Instructions to follow:
A word-for-word copy of the listing, free of images, is the expected answer.

Provided data:
- - - - - - -

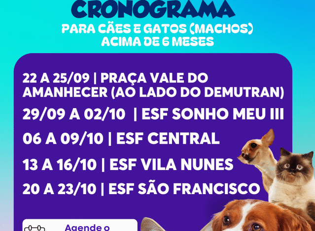 A Prefeitura de Costa Rica, por meio da Secretaria Municipal de Saúde (SMS) e da Vigilância Sanitária, divulgou o cronograma de atendimentos do Castramóvel para os meses de setembro e outubro de 2025. A unidade móvel realizará procedimentos em cães e gatos machos a partir de seis meses de idade, em diferentes pontos do município.
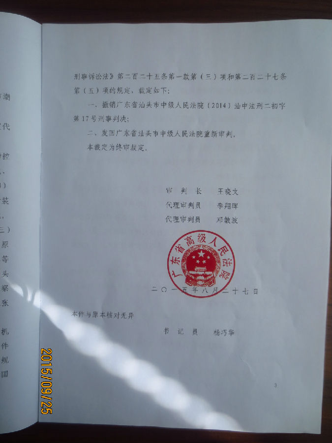 张立文律师办理的全国最大走私橡胶线案件被广东高院二审发回重审。
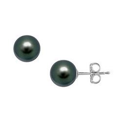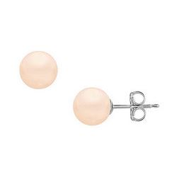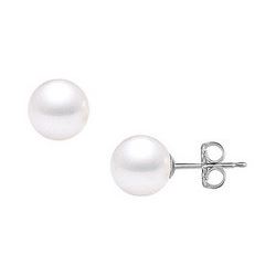 A pair of round akoya pearl stud earrings with a size of 9 mm is made in 14K white gold. These pearl studs are available in either screw-back or pus
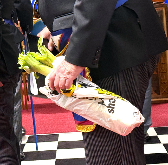 | Before retiring Keith congratulated the W.M. on an excellent Ceremony and wished him and all the members of the Lodge a Happy and Healthy year ahead, perhaps with a candidate or two, in reply the W.M. was pleased to present three cheques for Charity, £150 for WLMC, £150 for St Catherines Hospice, £150 St Lawrence and £100 to the Chorley and Leyland Food Bank. Following the Team retiring from the meeting, a few more items were dealt with and that was it. The Lodge was closed in due form before everyone made their way to the dining room, charged their glasses and took up their allotted seats for the Festive Board. | |

- - - - - - -

Written solution:
 A Prefeitura de Costa Rica, por meio da Secretaria Municipal de Saúde (SMS) e da Vigilância Sanitária, divulgou o cronograma de atendimentos do Castramóvel para os meses de setembro e outubro de 2025. A unidade móvel realizará procedimentos em cães e gatos machos a partir de seis meses de idade, em diferentes pontos do município.
 张立文律师办理的全国最大走私橡胶线案件被广东高院二审发回重审。
 A pair of round akoya pearl stud earrings with a size of 9 mm is made in 14K white gold. These pearl studs are available in either screw-back or pus
 | Before retiring Keith congratulated the W.M. on an excellent Ceremony and wished him and all the members of the Lodge a Happy and Healthy year ahead, perhaps with a candidate or two, in reply the W.M. was pleased to present three cheques for Charity, £150 for WLMC, £150 for St Catherines Hospice, £150 St Lawrence and £100 to the Chorley and Leyland Food Bank. Following the Team retiring from the meeting, a few more items were dealt with and that was it. The Lodge was closed in due form before everyone made their way to the dining room, charged their glasses and took up their allotted seats for the Festive Board. | |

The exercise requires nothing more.